The experimental methods in the following examples, unless otherwise specified, are conventional, and the experimental materials used in the following examples, unless otherwise specified, are commercially available.
The invention provides a preparation method of an infrared heat absorption composite coating for a stainless steel water-cooling heat shield of a monocrystalline silicon furnace, which comprises two ceramic materials with different linear expansion coefficients, wherein the proportion of the two phases is in any range of 0-100%. The two spherical ceramic powders are mixed according to a certain proportion by mechanical mixing and then deposited on the surface of the 304 stainless steel substrate which is roughened by sand blasting by utilizing a thermal spraying process to form the heat absorption coating with the thickness of 30-200 mu m. Wherein the first ceramic material is selected from La 1-x Sr x MnO 3 (x: 0.1 to 0.3), or La 1-x Sr x TiO 3 (x: 0.1 to 0.3), or La 1-x Sr x CrO 3 (x: 0.1 to 0.3), or La 1-x Ca x CrO 3 (x is 0.1-0.3), and the component content is 0-100%. The second ceramic material is selected from Fe 3 O 4 Or SrTi x Fe 1-x O 3 (x: 0.1-0.5), or La 1-x Sr x CoO 3 (x is 0.1-0.3), and the component content is 0-100%. The thermal spraying process comprises plasma spraying, or common flame spraying, or supersonic flame spraying.

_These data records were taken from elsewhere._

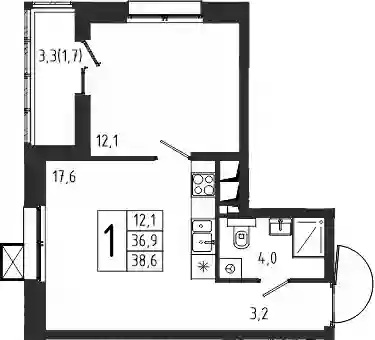 6 213 857 ₽1-к.квартира, 36.9 м², 1 эт.
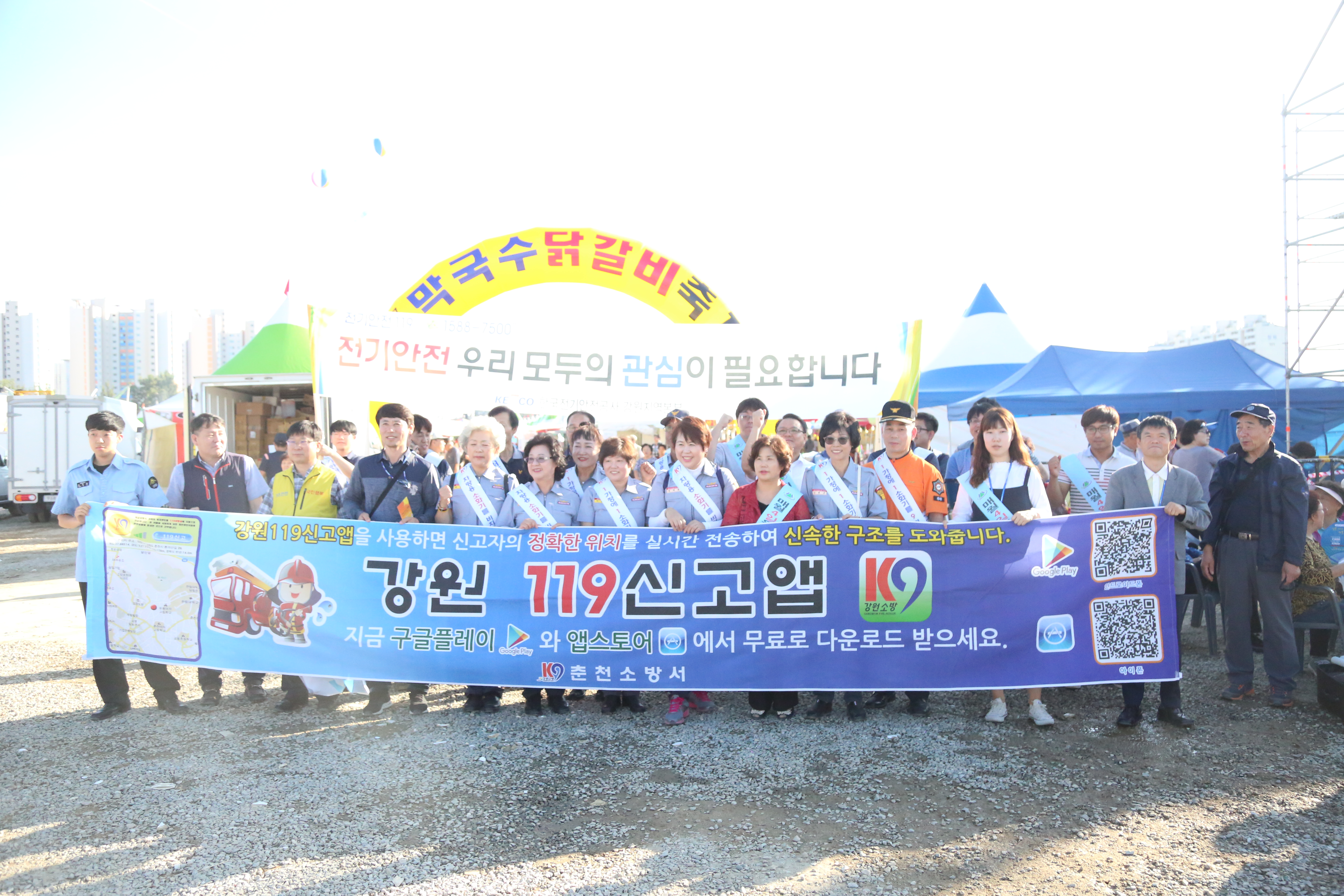 춘천소방서(서장 안중석)는 1일 오후 5시 춘천역과 “춘천막국수닭갈비축제장”에서 춘천시청 및 한국가스·전기안전공사 등 10개 유관기관·단체 관계자 100여명이 참여한 가운데 제258차 안전점검의 날과 연계한 합동안전캠페인을 실시했다.
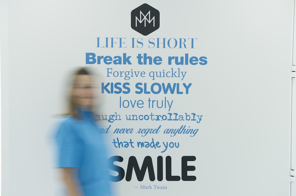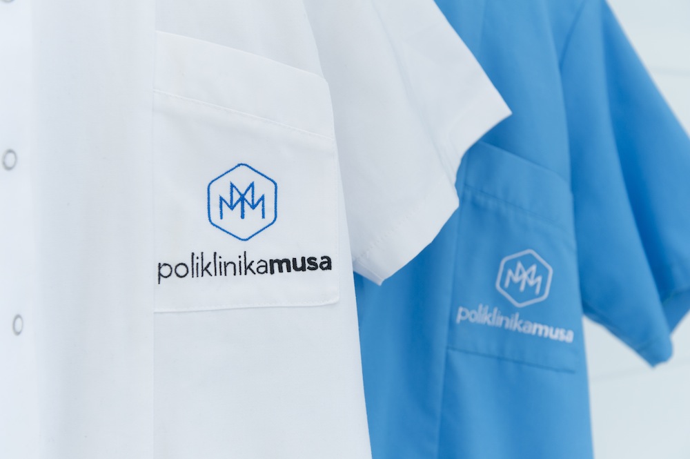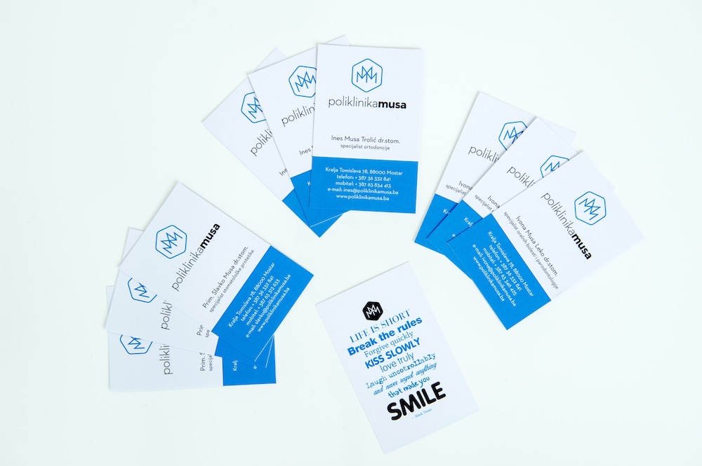 The branding of a clinic is a strategic task. An important prerequisite for its promotion is an unique, coherent and positive image. The basis therefore is a profesional corporate design. The goal of the new corporate design was to achieve three main goals: to provide the patients and staff the feel of comfort, to make them like visit the clinic and to make them recommend it to others. The visual identity needed to be distinctive and applicable in an unique way to various media (brochures, business card, website, signage). The idea of the visual identity of dental clinic Musa was developed in two directions. The first was to create a sign (in this case it is a simple monogram),that will put the clinic above the existing logos that we can everywhere see, and that every day, more and more resemble each other. The second direction was to determine a new and distinctive color that will show the ability to implement through the entire interior, signalization, and the printed materials. The inspiration for this monogram we found in one common photo (shown here), which shows who actually are the three letters "M". With a simple but elegant typography the monogram makes a harmonius and distinctive whole.

The following are specific preparation examples, which are preferred examples of the present invention for understanding the present invention by those skilled in the art, but the present invention is not limited to these examples.
Example 1 preparation method of infrared heat absorption composite coating for stainless steel water-cooled heat shield of monocrystalline silicon furnace
(1) La with particle diameter of 20-50 μm 0.8 Sr 0.2 MnO 3 Ceramic powder and SrTi with particle size of 15-60 μm 0.3 Fe 0.7 O 3 Uniformly mixing the powder according to the mass fraction ratio of 1:1;
(2) The method comprises the steps of taking a 304 stainless steel water cold-hot screen for a monocrystalline silicon furnace shown in fig. 1 as a substrate, roughening the surface of an inner cylinder of the substrate by sand blasting, preparing a coating on the substrate by adopting an atmospheric plasma spraying method, heating ceramic particles by spraying flame flow to be in a completely molten or nearly completely molten state, then spreading the ceramic particles on the substrate by high-speed collision, cooling, solidifying, stacking and accumulating to form the coating, and using Ar-H in the spraying process 2 The ratio of flow rate is 10:1, the power is 32kW, the final thickness of the coating is 150 mu m, and the prepared composite coating is dark black or gray black.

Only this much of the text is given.